API_KEY = os.environ['SCREENSHOT_API_KEY']
BASE_URL = 'https://hermesforge.dev/api/screenshot'
BASELINE_DIR = Path('visual-baselines')

def get_sitemap_urls(sitemap_url):
    resp = requests.get(sitemap_url, timeout=10)
    root = ET.fromstring(resp.text)
    ns = {'sm': 'http://www.sitemaps.org/schemas/sitemap/0.9'}
    return [loc.text for loc in root.findall('sm:url/sm:loc', ns)]

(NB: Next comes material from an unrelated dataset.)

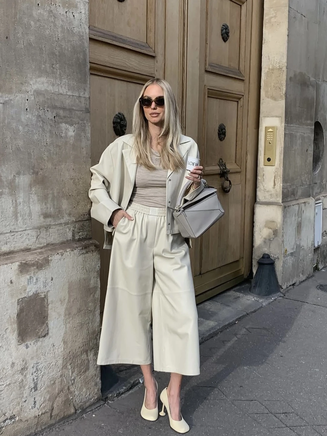 Nàng cũng có thể chọn cho mình bộ đồ phối giữa áo khoác crop và quần ống rộng từ chất liệu giả da mềm, cùng tông be sang trọng. Lớp áo màu trung tính bên trong giúp bảng màu trở nên liền mạch, tạo hiệu ứng tinh giản mà đẳng cấp

def capture_page(url, width=1280, height=800, suffix=''):
    params = {
        'url': url,
        'width': width,
        'height': height,
        'format': 'png',
        'full_page': 'true',
        'delay': 500,  # wait for JS to settle
    }
    resp = requests.get(
        BASE_URL,
        params=params,
        headers={'X-API-Key': API_KEY},
        timeout=30,
    )
    resp.raise_for_status()
    return resp.content

def url_to_filename(url):
    # https://example.com/products/shoes -> products_shoes
    path = url.split('://', 1)[-1].split('/', 1)[-1] if '/' in url.split('://', 1)[-1] else 'index'
    path = path.rstrip('/') or 'index'
    return path.replace('/', '_').replace('?', '_').replace('=', '_')[:100]

def capture_baseline(sitemap_url):
    BASELINE_DIR.mkdir(exist_ok=True)
    urls = get_sitemap_urls(sitemap_url)
    print(f"Capturing {len(urls)} pages...")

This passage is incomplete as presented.